The whole reason for the Enterprise 2.0 movement, which became visible around six years ago, was sheer frustration at the lack of innovation and momentum around on-premise enterprise software. A grass roots revolt in the cubicles by people aware of the promise of Web 2.0, cloud and mobile innovations quickly fueled a nascent industry of agile, fast moving upstarts.

Next week sees the latest Enterprise 2.0 conference in Boston, with rumors swirling around the probable purchase of Yammer, the freemium model enterprise social network service by Microsoft for 1.2 billion US dollars.

Microsoft are the heavyweight champions of the fremium model having trojan horsed their Sharepoint product onto countless companies servers, who then upgraded to a pay model over the last ten years, and now use it for their Microsoft Office document content management.
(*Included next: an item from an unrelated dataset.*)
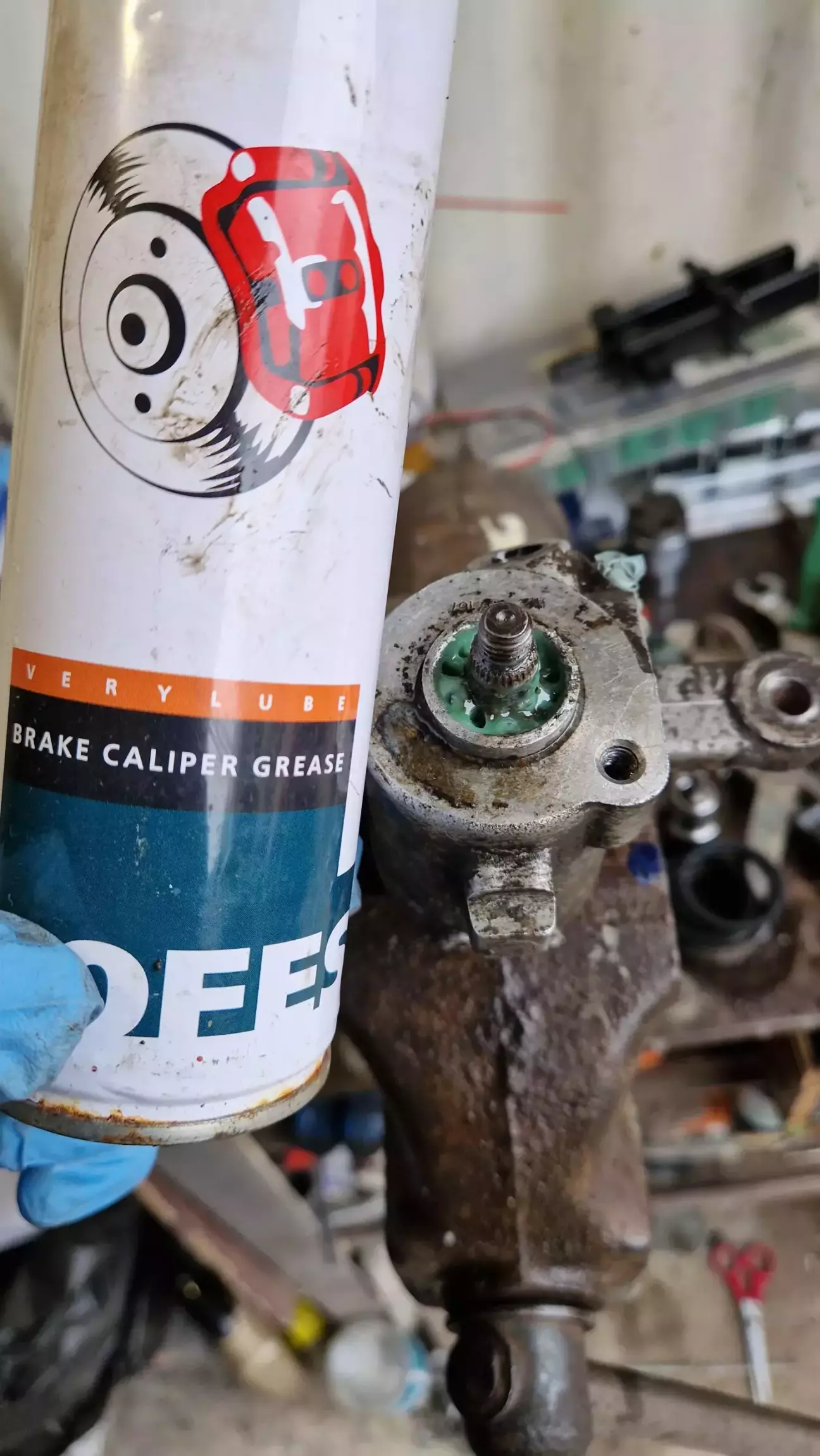 Задні супорта окрім лівого який знявся хочаб теж сюрприз принесли, правий супорт, трубка подачі тормозної рідини в ніяку не відкручувалась, ну я не став випробовувати долю, перебрав цей супорт на авто. В лівому супорта відчистив шток ручника, супорт окислився і почав здавлювати шток ручника, тому так погано він ходив, все це діло розробив, промив ВДшкою, і залив  змазкою для супотів в спреї від Хадо, вона досить що під тиском спрея подається в щілину щей перебуває в рідкому стані перші 10с, потім густіє, має довго прослужити ще супорт. Поршень відкручував/закручував газовим ключем, на поршні є за що ним зачіпитись, на жаль не мав з собою зйомника.

The Enterprise 2.0 movement was in large part a reaction to the shortcomings of that product, so it will be interesting to see what Microsoft do with Yammer, if and when they own it,  and Skype the voice over ip telephony company they have owned since May of last year. It will also be interesting to see where the loyal partner ecosphere around Sharepoint - particularly Newsgator, who have made current iterations of Sharepoint somewhat more of a viable internal social network - fit into future Microsoft plans.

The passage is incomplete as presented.